» Your goal
With the pictures left out, return exactly the lines from the one containing "This bingo card" through the end of the listing below.

» Material provided

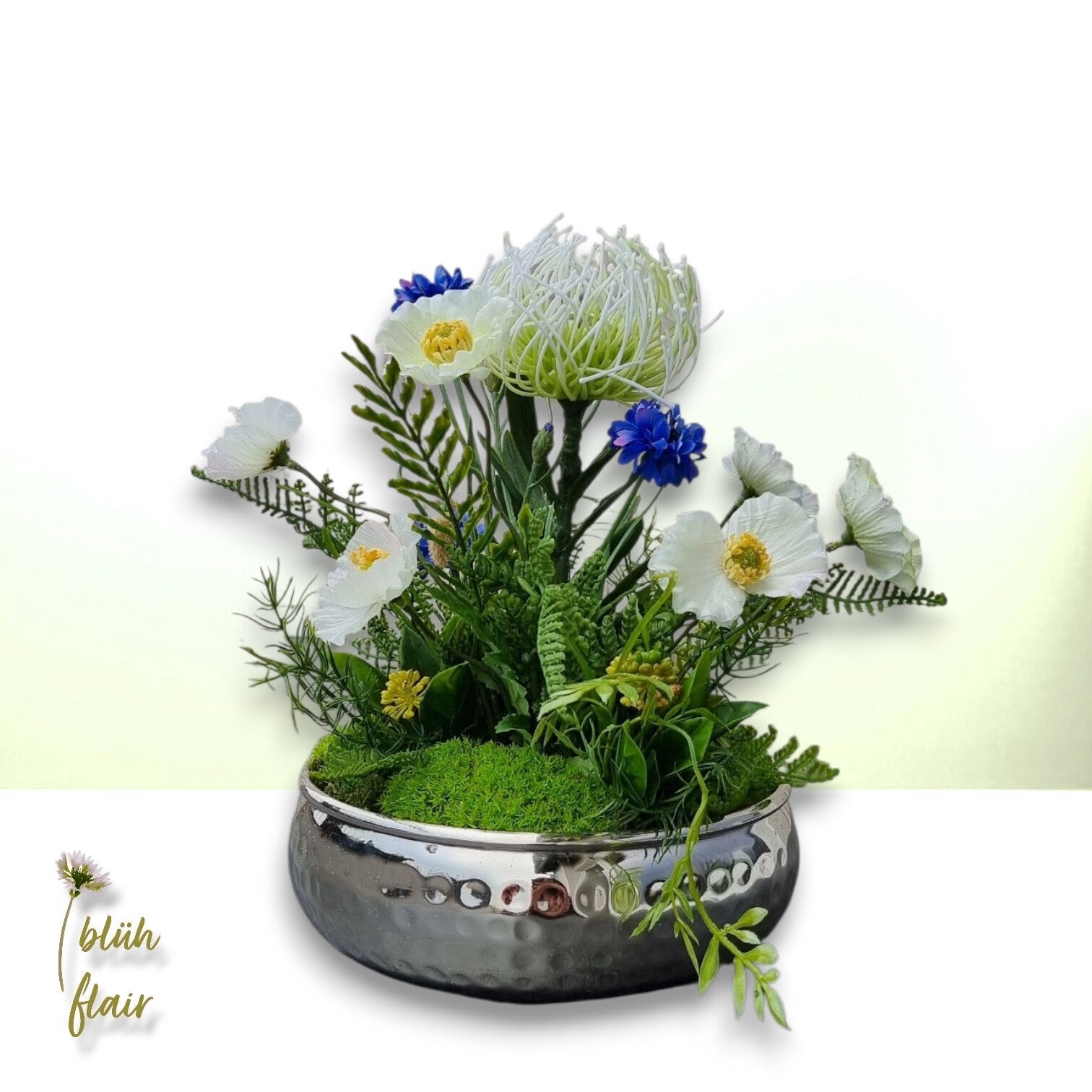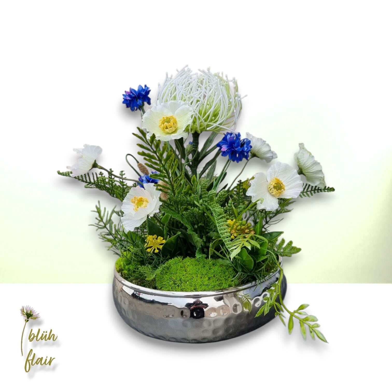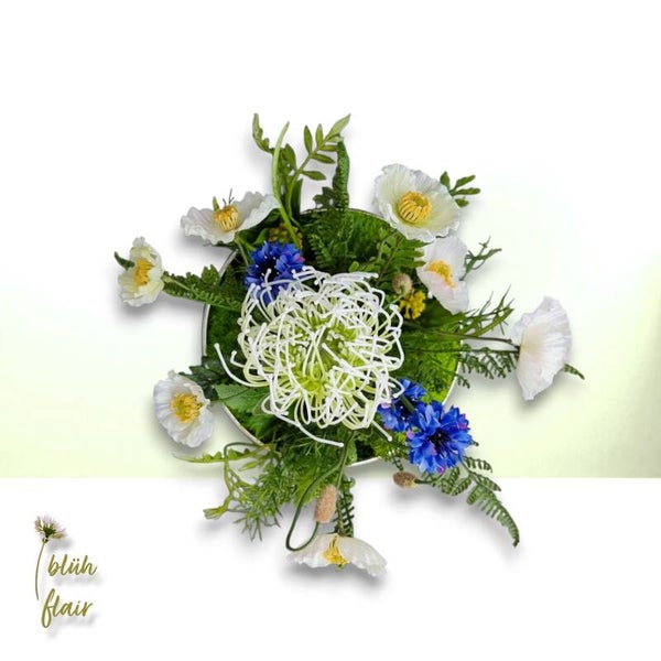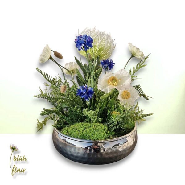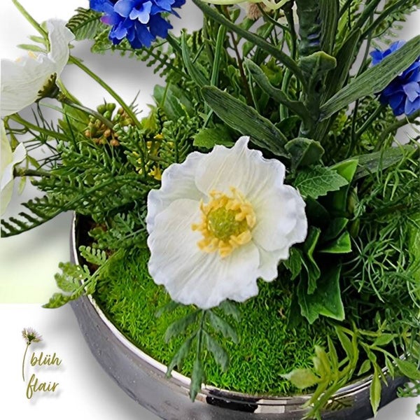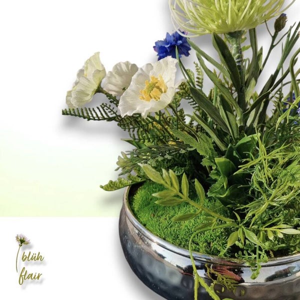 Erleben Sie den exklusiven "Weißen Mohntraum" – ein luxuriöses Seidenblumen-Arrangement, das zeitlose Eleganz in Ihr Zuhause bringt. Zarte, naturgetreue weiße Mohnblüten ruhen stilvoll auf hochwertigem Ballenmoos, arrangiert in einer ansprechenden silbernen Dekoschale. Farbakzente durch künstliche Kornblumen, exotische Protea und feine Farnblätter verleihen der Komposition eine einzigartige, moderne Note. Dieses langlebige Arrangement ist die ideale, pflegeleichte Tischdekoration, ein stilvolles Geschenk oder ein permanentes Highlight für jede Einrichtung. Ein bezaubernder Blickfang, der die Ästhetik der Natur widerspiegelt.
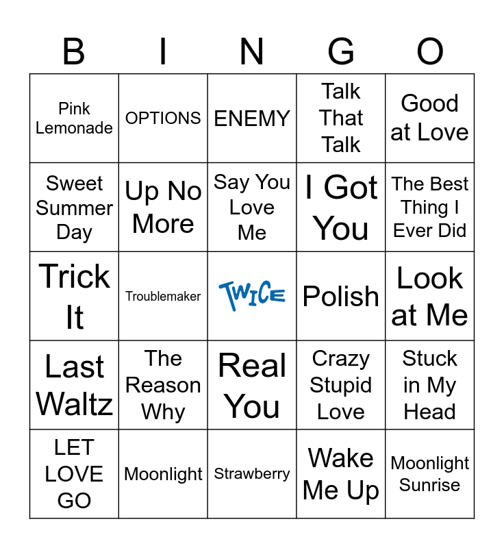 This bingo card has a free space and 40 words: Closer, Trick It, Shot Thru the Heart, Up No More, Moonlight, Real You, Say You Love Me, That’s All I’m Saying, Good at Love, Last Waltz, Troublemaker, Talk That Talk, Moonlight Sunrise, Look at Me, Polish, The Reason Why, When We Were Kids, Pink Lemonade, Believer, ENEMY, Stuck in My Head, Wake Me Up, I Got You, Sweet Summer Day, Ponytail, Celebrate, Better, Breakthrough, Rewind You, ABCD, Room, LET LOVE GO, No Problem, Crazy Stupid Love, The Best Thing I Ever Did, Strawberry, Do It Again, One More Time, OPTIONS and Feel Special.
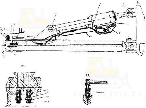 - гидроцилиндром 749-72-189СП изменения вылета зуба расстопорить его;
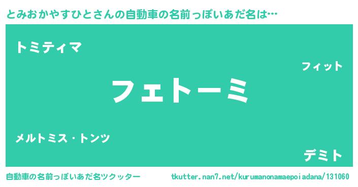 | 胡散臭い通販商品みたいなあだ名 | 『億万長者になれるブレスレット…その名も「とみおかやすひと」』 |
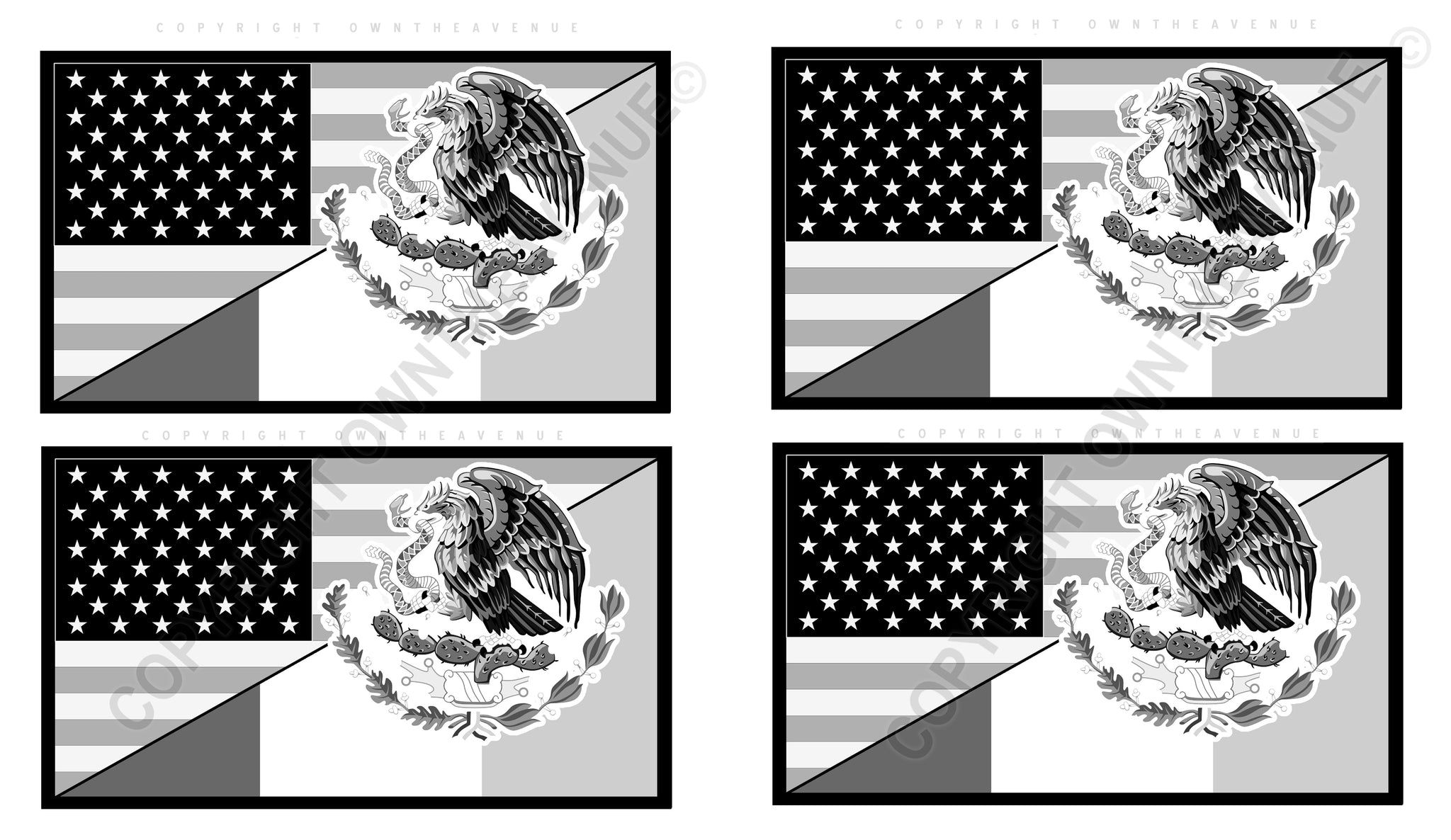 4Pcs Mexico Mexican USA American Subdued Flags Sticker Decals 3"
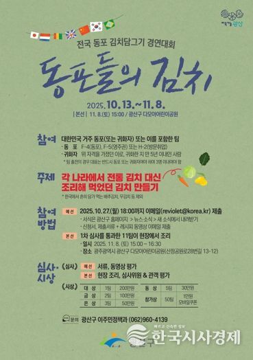 한국시사경제 광주취재본부 | 광주 광산구가 13일부터 11월 18일까지 전국 곳곳에 거주하고 있는 동포들을 대상으로 ‘전국 동포 김치담그기 경연대회_동포들의 김치’를 개최한다.

» Task result
 This bingo card has a free space and 40 words: Closer, Trick It, Shot Thru the Heart, Up No More, Moonlight, Real You, Say You Love Me, That’s All I’m Saying, Good at Love, Last Waltz, Troublemaker, Talk That Talk, Moonlight Sunrise, Look at Me, Polish, The Reason Why, When We Were Kids, Pink Lemonade, Believer, ENEMY, Stuck in My Head, Wake Me Up, I Got You, Sweet Summer Day, Ponytail, Celebrate, Better, Breakthrough, Rewind You, ABCD, Room, LET LOVE GO, No Problem, Crazy Stupid Love, The Best Thing I Ever Did, Strawberry, Do It Again, One More Time, OPTIONS and Feel Special.
 - гидроцилиндром 749-72-189СП изменения вылета зуба расстопорить его;
 | 胡散臭い通販商品みたいなあだ名 | 『億万長者になれるブレスレット…その名も「とみおかやすひと」』 |
 4Pcs Mexico Mexican USA American Subdued Flags Sticker Decals 3"
 한국시사경제 광주취재본부 | 광주 광산구가 13일부터 11월 18일까지 전국 곳곳에 거주하고 있는 동포들을 대상으로 ‘전국 동포 김치담그기 경연대회_동포들의 김치’를 개최한다.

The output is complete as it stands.